Institute of Imaging Science, Vanderbilt University, Nashville, TN, USA.
Phys Med Biol. 2010 May 7;55(9):2429-49. doi: 10.1088/0031-9155/55/9/001. Epub 2010 Apr 6.
Quantitative imaging data obtained from multiple modalities may be integrated into mathematical models of tumor growth and treatment response to achieve additional insights of practical predictive value. We show how this approach can describe the development of tumors that appear realistic in terms of producing proliferating tumor rims and necrotic cores. Two established models (the logistic model with and without the effects of treatment) and one novel model built a priori from available imaging data have been studied. We modify the logistic model to predict the spatial expansion of a tumor driven by tumor cell migration after a voxel's carrying capacity has been reached. Depending on the efficacy of a simulated cytotoxic treatment, we show that the tumor may either continue to expand, or contract. The novel model includes hypoxia as a driver of tumor cell movement. The starting conditions for these models are based on imaging data related to the tumor cell number (as estimated from diffusion-weighted MRI), apoptosis (from 99mTc-Annexin-V SPECT), cell proliferation and hypoxia (from PET). We conclude that integrating multi-modality imaging data into mathematical models of tumor growth is a promising combination that can capture the salient features of tumor growth and treatment response and this indicates the direction for additional research.

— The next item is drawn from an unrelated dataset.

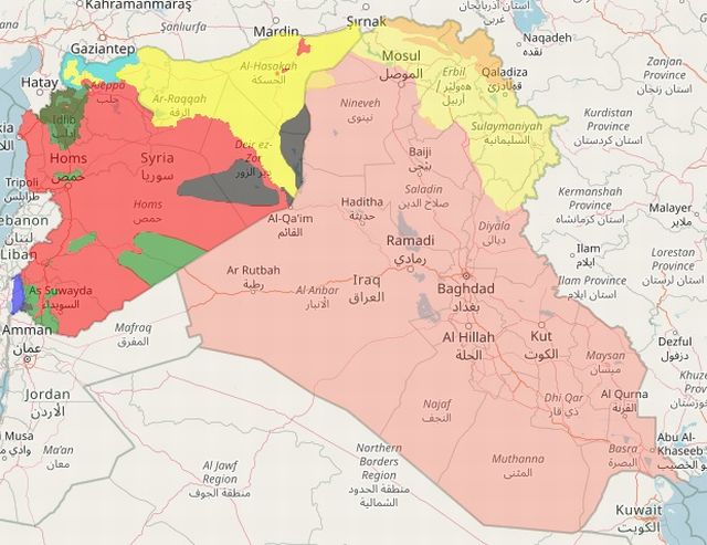 Πολεμικός χάρτης Συρίας-Ιράκ: Με μαύρο χρώμα απεικονίζονται τα εδάφη που ελέγχει το Ισλαμικό Κράτος. Με το κίτρινο σε όλες τις αποχρώσεις είναι τα εδάφη που κατέχουν οι Κούρδοι. Με κόκκινο είναι τα εδάφη που ελέγχει η συριακή κυβέρνηση και με ροζ η ιρακινή. Με πράσινο είναι ο Ελεύθερος Συριακός Στρατός (FSA) και άλλες ισλαμιστικές οργανώσεις. Με πράσινο σκούρο είναι η Αλ Κάιντα και με γαλάζιο τα υπό τουρκική κατοχή εδάφη στη Συρία.

从多种模式获得的定量成像数据可以整合到肿瘤生长和治疗反应的数学模型中,以获得具有实际预测价值的额外见解。我们展示了这种方法如何描述产生增殖性肿瘤边缘和坏死核心的逼真肿瘤发展。研究了两种已建立的模型(具有和不具有治疗效果的逻辑模型)和一种根据现有成像数据预先构建的新模型。我们修改了逻辑模型,以预测在达到体素承载能力后,由肿瘤细胞迁移驱动的肿瘤的空间扩展。根据模拟细胞毒性治疗的效果,我们可以看到肿瘤可能会继续扩大,也可能会收缩。新模型将缺氧作为肿瘤细胞运动的驱动力。这些模型的起始条件基于与肿瘤细胞数量相关的成像数据(根据扩散加权 MRI 估计)、细胞凋亡(来自 99mTc-Annexin-V SPECT)、细胞增殖和缺氧(来自 PET)。我们得出的结论是,将多模态成像数据整合到肿瘤生长的数学模型中是一种很有前途的组合,可以捕捉肿瘤生长和治疗反应的显著特征,这为进一步的研究指明了方向。